災害から温泉街守れ、関係者らセミナーで備え学ぶ【登別】

災害対応、復興に必要な知識を学ぶ参加者

 観光の観点から災害対策を学ぶセミナーが23日、登別市登別温泉町の登別グランドホテルで行われた。宿泊施設のスタッフや観光ボランティアガイドのメンバーらが、胆振東部地震と道内全域に広がった停電(ブラックアウト)を踏まえ、危機対応への備えや災害発生後に観光産業を立て直すための基本事項などに理解を深めた。

 登別国際観光コンベンション協会主催、日本観光振興協会共催。観光専門のシンクタンクであるJTB総合研究所上席研究理事・観光危機管理研究室長の高松正人氏が講師を務めた。高松氏は同日午前に温泉街関係者からヒアリングを実施。寄せられた意見をベースに、午後からセミナーを行った。

 高松氏は減災から準備、災害への対応、復興とつながる観光危機管理のスキームを示した。減災については「例えば調理ワゴンを使用中に地震が発生すると、火を上げて走り回る凶器になる。ストッパーを確実に活用して動かないようにすることだけでも、減災になる」と呼び掛けた。起こりうる最大被害の想定、トップ不在でも対応できる事前意思決定の重要性も説いた。災害発生時には、現場でできる観光客への対応として、簡単な言葉や表情で落ち着かせること、必要な情報収集・提供、帰宅困難者の受け入れなどをアドバイスした。

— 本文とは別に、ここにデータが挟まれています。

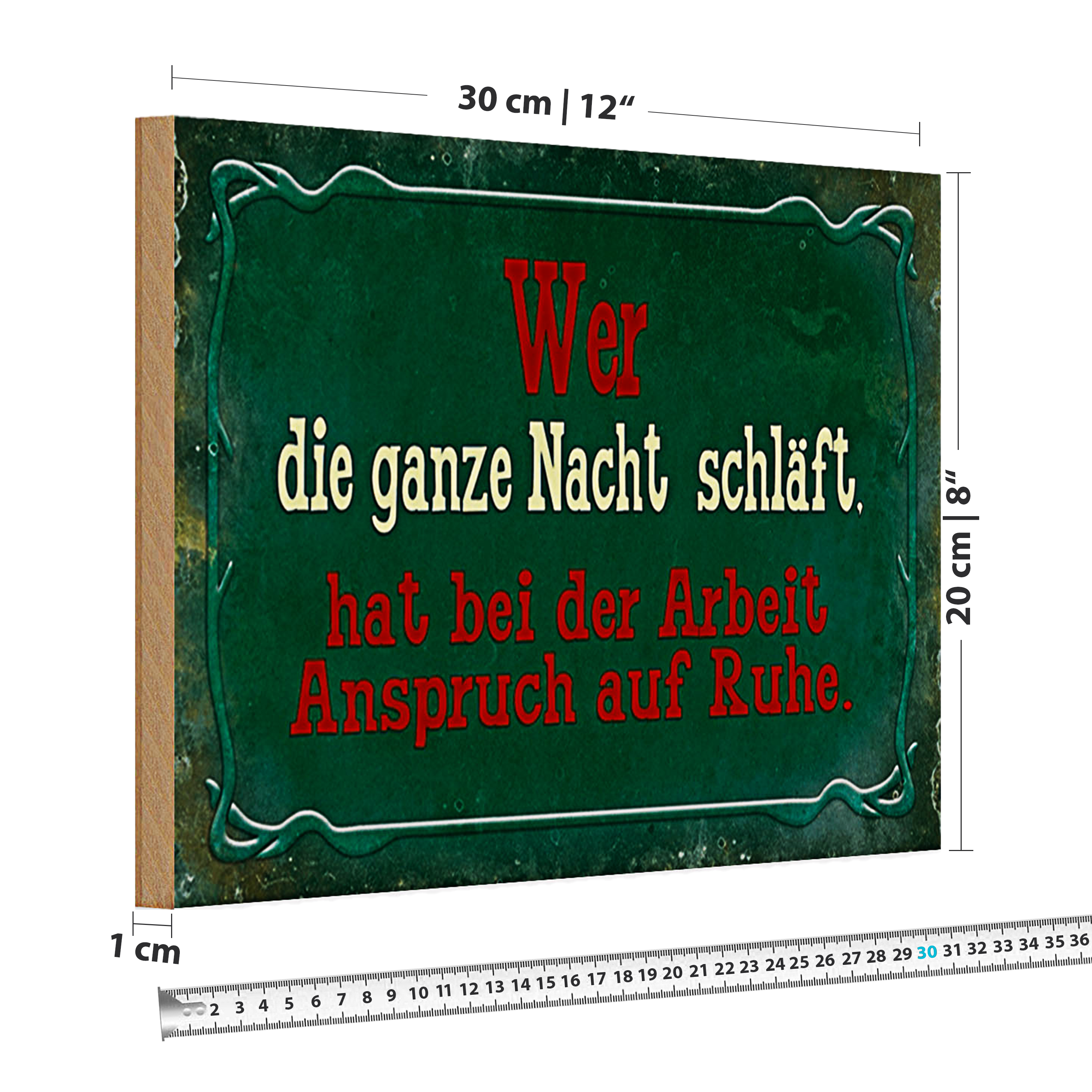 Holzschild Spruch 30x20cm Arbeit wer ganze Nacht schläft

 「観光復興は、災害後の観光地のマーケティングの基本。誰に、何を、どのように伝えるかが大事」と述べ、登別を訪れた観光客が楽しんでいることを市場に発信するほか、リピーター層への働き掛け、予約を取り消した客へのアプローチ、マスコミや旅行会社を通じた情報発信による信頼性向上などを示した。キャンセル、新規予約数をベースとしたプロモーション展開のタイミングを見極めることも重要視した。最後に「安全安心な観光を目指して、魅力ある登別にしてほしい」と呼び掛けた。